Junge Wähler könnten beim britischen EU-Referendum am 23. Juni entscheidend sein – wenn sie sich für die Wahl registrieren und dann auch tatsächlich wählen gehen. Insbesondere das „Remain“-Lager wirbt nun intensiv um die junge Wählerschaft.
von · 31. Mai 2016

Verzweifelte Zeiten rufen nach verzweifelten Maßnahmen. David Cameron muss sehr verzweifelt sein, denn der britische Premier ist kürzlich Tinder beigetreten. Ja, Tinder: Die mobile Dating-App, bei der ein Wisch nach Links oder Rechts entscheidet, ob es zu einem Kennenlernen kommt. Natürlich geht es Cameron nicht um Dates oder neue Bekanntschaften. Nein, er will junge Britinnen und Briten erreichen – und sie davon überzeugen, beim Referendum am 23. Juni gegen den Brexit zu stimmen.

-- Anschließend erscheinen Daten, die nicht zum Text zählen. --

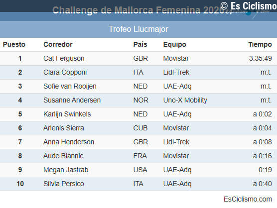 Es Ciclismo25/01/2026 14:47Challenge de Mallorca: Cat Ferguson impone su velocidad en Llucmajor y da la victoria al Movistar... Leer más en Es Ciclismo

Brexit: Buhlen um die jungen Wähler

Aber nicht nur Cameron und sein „Remain“-Lager werben um die junge Wählerschaft, sondern auch die Brexit-Befürworter. Dabei haben sie eben diese junge Wählerschaft während der nun schon Monate dauernden Debatte über das Für und Wider eines Brexits lange vernachlässigt. Statt um Inhalte ging es oft nur um schlichte Panikmache – auf beiden Seiten. Worum es nicht ging, war, junge Menschen überhaupt als Wählergruppe anzuerkennen und ernstzunehmen.

Die Kehrtwende kam im April. Da veröffentlichte der Observer eine Umfrage, die zeigte, dass die Entscheidung über den Brexit von der Mobilisierung junger Wähler abhängen könnte.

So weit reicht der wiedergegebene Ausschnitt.